### Task directions
Records follow. Print exactly the lines from the one that has "Image 4: Allotment" through the one that has "Mission San Juan Capistrano", inclusive, and omit the pictures.

### Data extracted from a collection
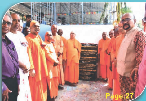
Sister Nivedital Community Hall inauguration at Alapakkam on 17-02-2024
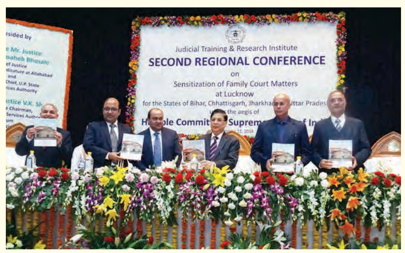
Release of Handbook
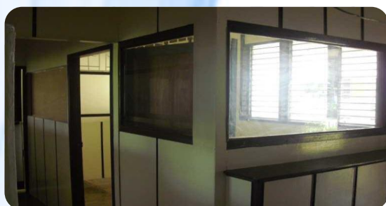
Extension / Lobby of Internet Building (On-going)
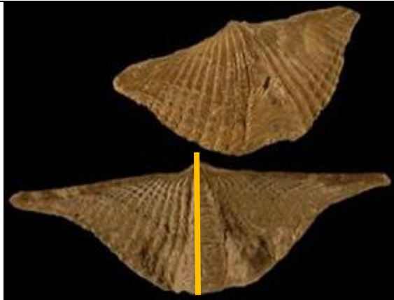
3. Mucrospirifer brachiopod.
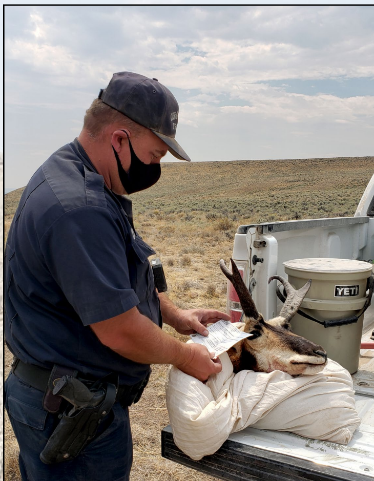
On the cover: A Fish and Wildlife Trooper checks the tag on a harvested antelope.
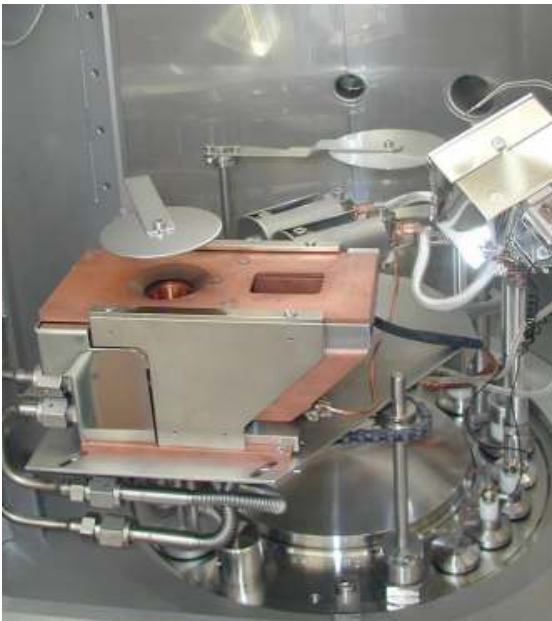
Electron beam source, two resistance sources and quartz lamp substrate heater.
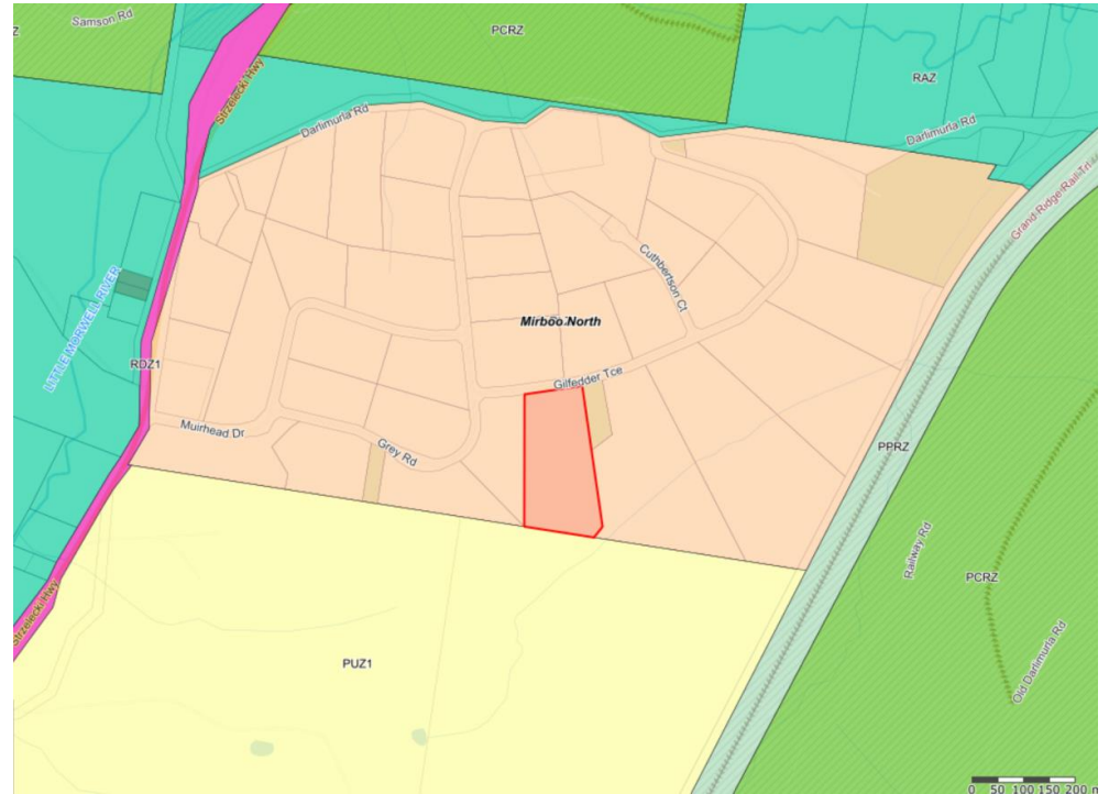
Image 4: Allotment view of subject site and surrounds overlayed with planning zones.
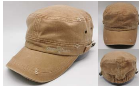
HY21021 Cotton twill cadet cap, washed/vintage style with broken effect.
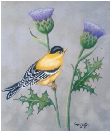
4 hours - Janine Stiffler "Thistle While You Work"

Level: Beginner Medium: Colored Pencil Size/Surface: 8" X 10" Suede Board Supplies: Pencil sharpener, white transfer paper
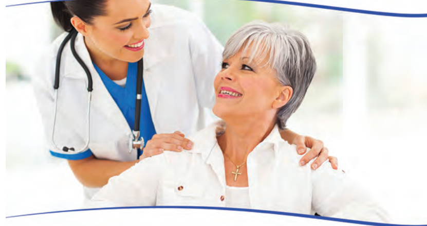
World Parkinsons Day
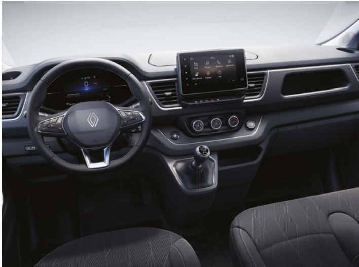
extra sport (extra +)
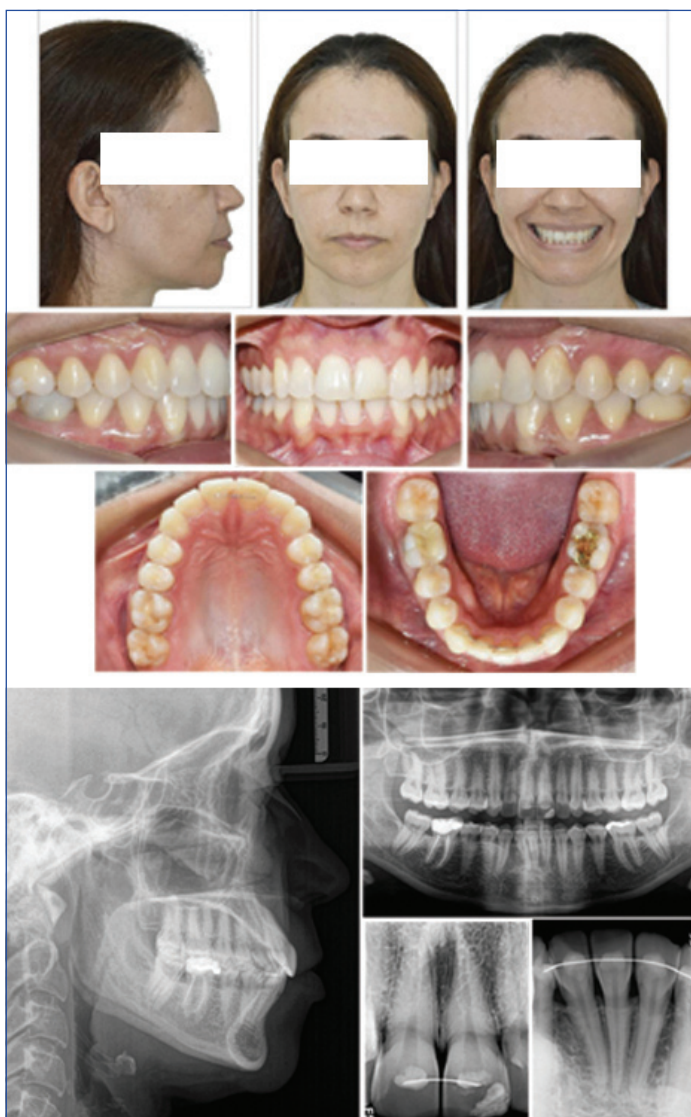
[Table/Fig-10]: At 2 year follow-up.
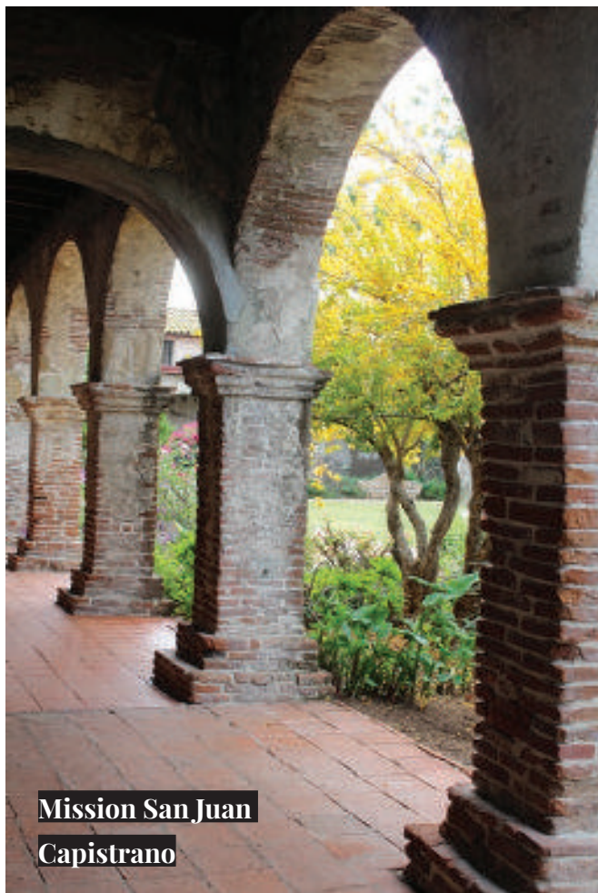
Mission San Juan Capistrano
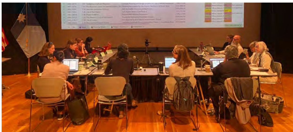
Above: The Historic Resources Advisory Committee (HRAC) meeting at the Minnesota History Center on September 26-27, 2024.
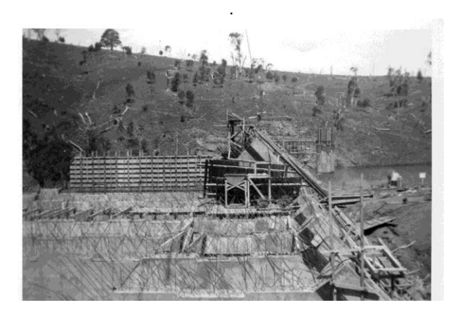
Construction of the dam, Oberon 1943
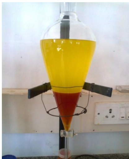
FIG 5: Formation of Glycerine Layer

### Exercise output
Image 4: Allotment view of subject site and surrounds overlayed with planning zones.
HY21021 Cotton twill cadet cap, washed/vintage style with broken effect.
4 hours - Janine Stiffler "Thistle While You Work"

Level: Beginner Medium: Colored Pencil Size/Surface: 8" X 10" Suede Board Supplies: Pencil sharpener, white transfer paper
World Parkinsons Day
extra sport (extra +)
[Table/Fig-10]: At 2 year follow-up.
Mission San Juan Capistrano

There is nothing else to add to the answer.